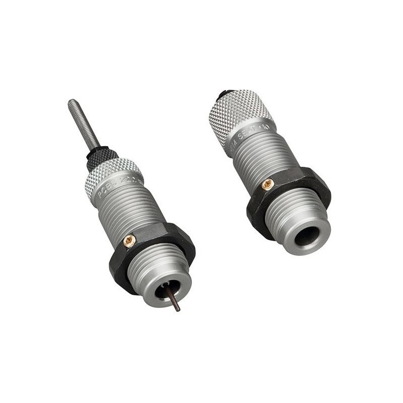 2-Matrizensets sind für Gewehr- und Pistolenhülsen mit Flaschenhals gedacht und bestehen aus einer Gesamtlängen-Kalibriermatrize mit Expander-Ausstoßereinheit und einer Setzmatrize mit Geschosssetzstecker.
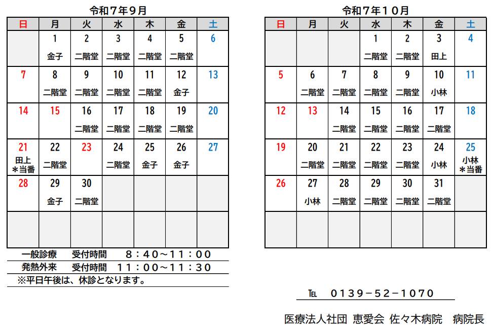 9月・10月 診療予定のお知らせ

...

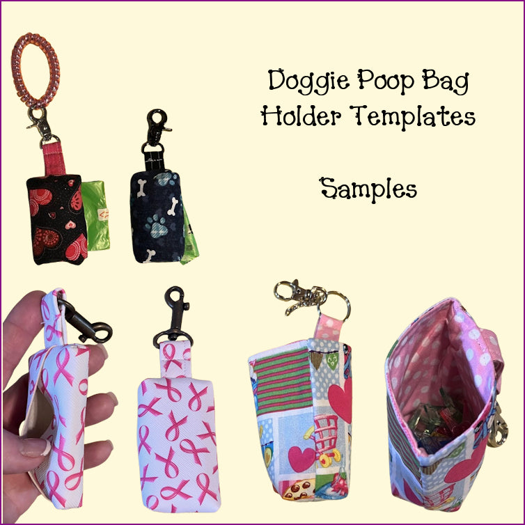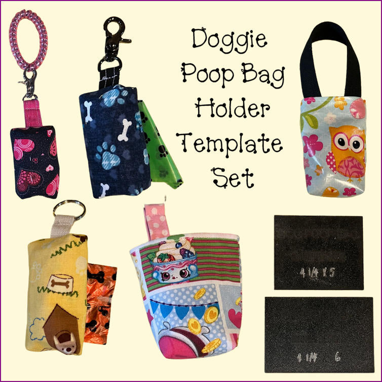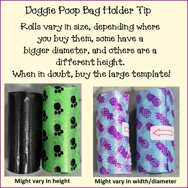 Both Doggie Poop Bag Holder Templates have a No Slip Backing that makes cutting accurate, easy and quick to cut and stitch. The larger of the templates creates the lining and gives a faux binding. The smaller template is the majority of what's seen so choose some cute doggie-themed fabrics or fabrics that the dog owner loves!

* * *

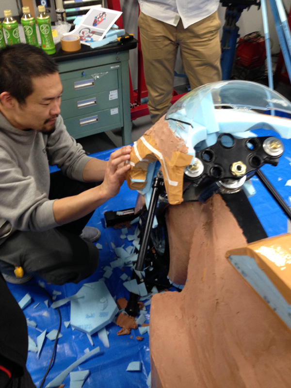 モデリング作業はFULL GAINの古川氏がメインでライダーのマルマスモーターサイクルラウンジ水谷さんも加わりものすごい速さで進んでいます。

WHAT NEEDS TO BE DONE:
In the entries above, find the line with "2-Matrizensets sind für" and the line with "9月・10月 診療予定のお知らせ". Return exactly those lines and all the ones between them, pictures excluded.

ANSWER AREA:
 2-Matrizensets sind für Gewehr- und Pistolenhülsen mit Flaschenhals gedacht und bestehen aus einer Gesamtlängen-Kalibriermatrize mit Expander-Ausstoßereinheit und einer Setzmatrize mit Geschosssetzstecker.
 9月・10月 診療予定のお知らせ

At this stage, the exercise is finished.